Everyone and everything stopped.
The blood drained from her cold cheeks as the flock turned to look at her with wide eyes, stunned to silence by her admission.
Her mother, who was already behind the counter preparing coffee for everyone, stared at her like she’d lost her mind. Placing her clawed hands on the glass counter, she exclaimed, “I’m sorry, what was that, Cass?”
Fuck.
Cassandra looked around in a panic. She hadn’t intended on telling them so soon. A part of her, the cowardly part that her father couldn’t resist picking at, had even considered just packing up one day and moving out while everyone was gone. They couldn’t be mad if it was already done.
But that plan was obviously scrapped.
Giving her sisters a please help me look, she croaked, “Um, so, yeah… I found a place I can afford on my own. It’s not far from here. I thought it’d be good to, you know, um, be more independent. Since you and Dad are always telling me that I’m too shy?”
Her sisters, for all their many annoyances, jumped to her defense as soon as her rambling petered off.
Lucy set her bin down on a table with a loud thwump. “I saw it! It’s a great studio with a balcony and everything. Mama, you’ll love it.”
Eugenia, mirroring her twin, nodded enthusiastically. “And it’s so close! Just ten minutes from here. She wouldn’t even have to fly to get to work on time.”
“But she could,” Lucy interjected with a swift elbow to her sister’s ribs. “You know, because of the balcony.”
There was a taut moment of silence as everyone waited for her mother’s response.

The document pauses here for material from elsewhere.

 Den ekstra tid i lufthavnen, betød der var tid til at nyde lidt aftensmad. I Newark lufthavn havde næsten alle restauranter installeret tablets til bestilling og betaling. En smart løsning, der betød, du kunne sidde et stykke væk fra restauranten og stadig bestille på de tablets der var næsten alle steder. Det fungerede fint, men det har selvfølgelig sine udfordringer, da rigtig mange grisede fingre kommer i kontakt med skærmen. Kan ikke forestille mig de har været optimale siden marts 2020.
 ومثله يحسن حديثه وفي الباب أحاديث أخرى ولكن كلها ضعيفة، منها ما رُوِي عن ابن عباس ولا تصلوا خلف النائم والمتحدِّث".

Cassandra swallowed hard, not daring to look at either of her parents.
Her fingers grew sweaty from their tight grip on the edges of the plastic bin, but she worried that moving even an inch to set it down would break the fragile tension in the air.
At last, when it felt like her head was going to explode from lack of oxygen, her mother clapped her hands together and cried, “Ah, my chick is growing up!”

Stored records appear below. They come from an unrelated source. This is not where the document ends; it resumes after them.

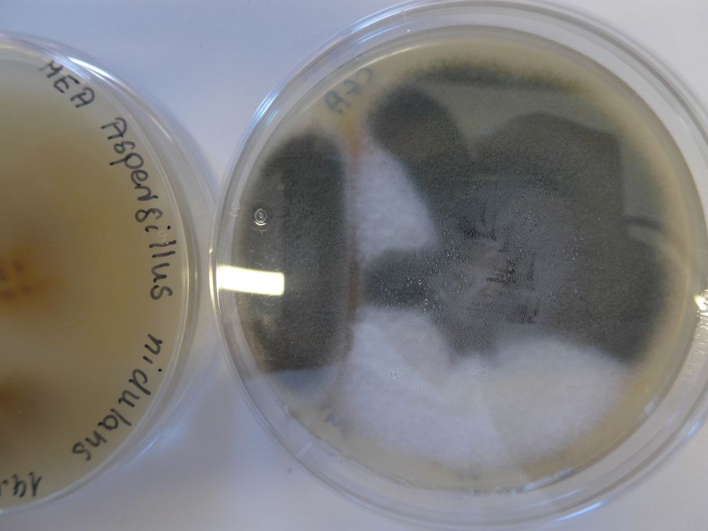 der im Innenraum allseits gefürchtete Aspergillus niger auf Platte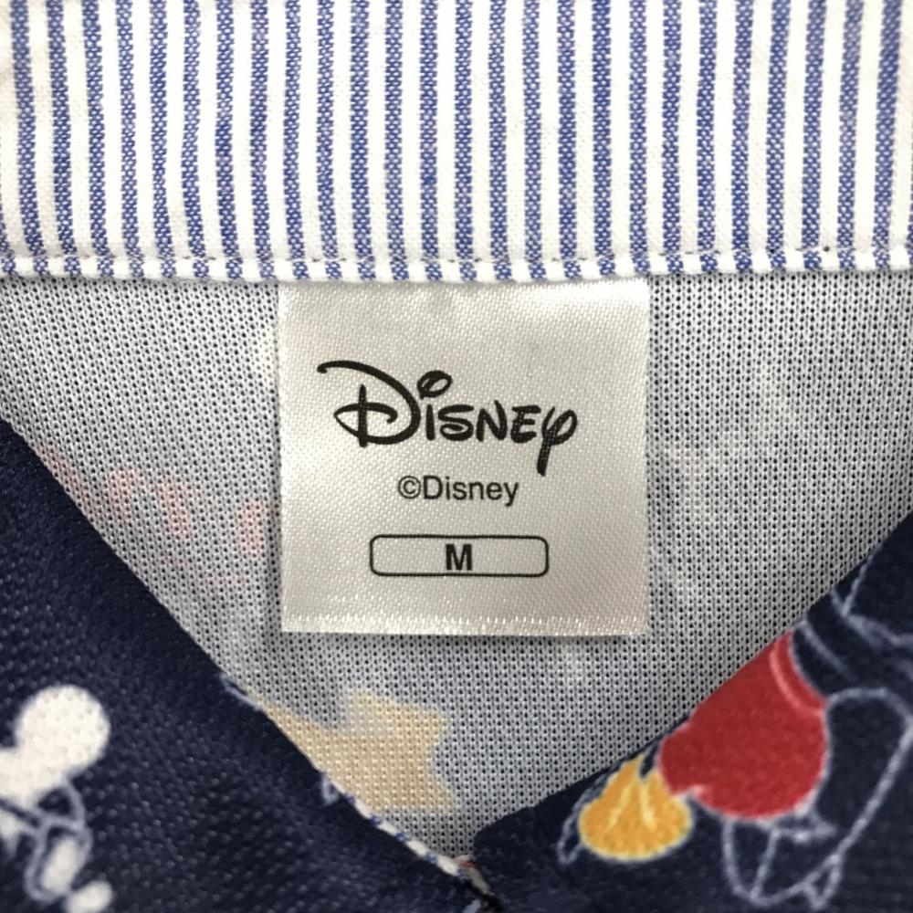 【超美品】ディズニー 半袖ポロシャツ ネイビー×レッド×イエロー 総柄 ミッキー ドナルド レディース M ゴルフウェア Disney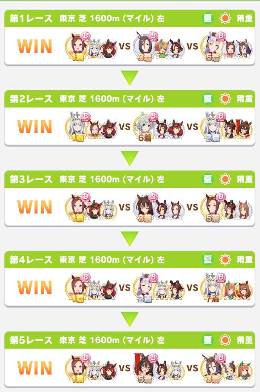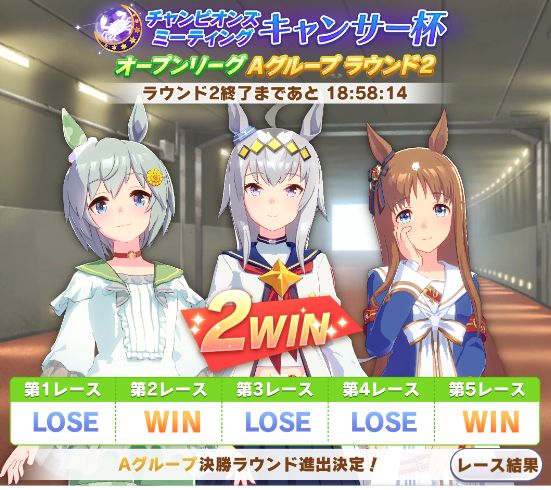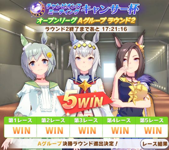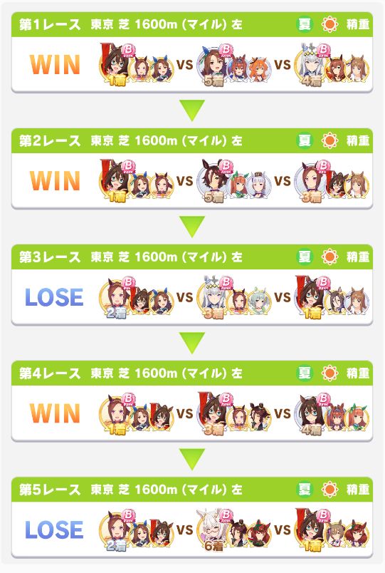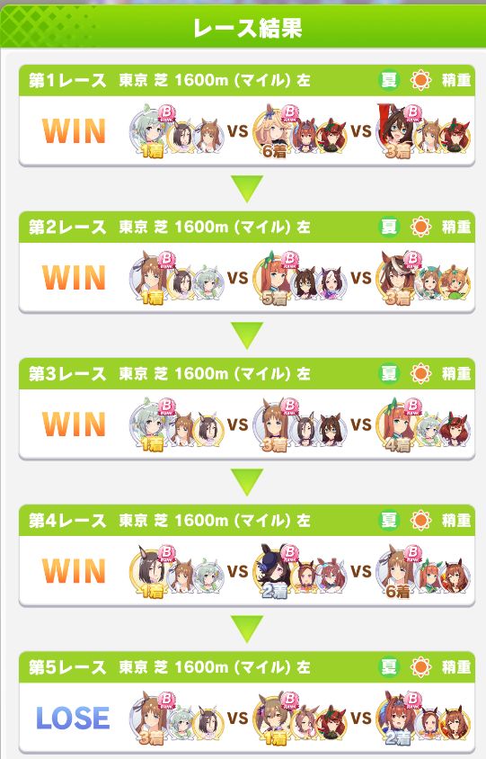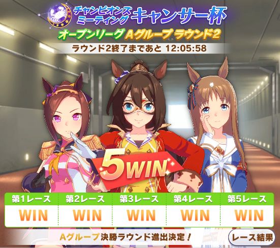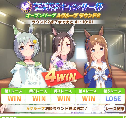 4戦までは、セイちゃんが前に出られない展開の場合、エアグとグラスの二人がフォローして勝っていたが、5戦目は相手が強かった。蓋ファル子、デバフネイチャ、追込タイシンの完璧な布陣。

Taking their cue from her joyful exclamation, the rest of the flock exploded into well wishes and questions.
Hands rained down on her back and playfully plucked at her feathers as she was pulled into the cafe.

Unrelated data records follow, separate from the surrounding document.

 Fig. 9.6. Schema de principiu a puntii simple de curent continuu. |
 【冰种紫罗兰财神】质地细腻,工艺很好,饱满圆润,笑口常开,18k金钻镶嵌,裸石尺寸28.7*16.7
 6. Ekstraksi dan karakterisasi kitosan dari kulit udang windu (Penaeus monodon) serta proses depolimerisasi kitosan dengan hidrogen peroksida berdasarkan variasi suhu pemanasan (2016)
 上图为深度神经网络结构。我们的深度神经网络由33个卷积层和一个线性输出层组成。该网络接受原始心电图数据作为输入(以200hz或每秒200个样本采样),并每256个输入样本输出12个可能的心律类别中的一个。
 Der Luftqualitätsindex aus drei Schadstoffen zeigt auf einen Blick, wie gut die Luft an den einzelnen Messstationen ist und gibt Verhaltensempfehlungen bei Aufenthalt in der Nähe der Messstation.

Someone took her bin, and within moments her father had swooped down on her to press kisses to her cheeks.
“Why didn’t you say something, chickadee?” he demanded, flapping his great dark wings in proud sweeping movements.
“Um…” She ducked her head, unsure how to tell them that she had no idea if they’d approve or not.
The flock had always loved her, but they’d also looked at her like an oddball unfit for the dangers of the world. Without their aggression, she was never seen as completely grown despite the fact that she was nearing fifty years old.
“My chick gets the first latte!” her mother crowed. Swinging a clawed finger in the direction of Lucy and Eugenia, she ordered, “You two, start detangling those lights!”
Her sisters squawked with outrage before they set about their task without further argument.
The cafe became a hive of warmth and activity around Cassandra as her flock filled the display cases with seasonal treats, her mother pulled perfect espresso, and her father cracked open bins full of sparkling treasures.
“Here,” her mother said, placing a warm, fragrant latte in her hand. A cinnamon heart floated on the foam. Dropping a kiss onto the crown of Cassandra’s head, she murmured, “I hope you know we’re going to be over all the time. There’s no escaping the flock, chickadee.”
Clutching the cup to her chest, Cassandra let out a relieved breath. “Promise?”
“Promise.” Her mother’s wing swept behind her back, urging Cassandra toward her father. “Now get decorating! We open in an hour!”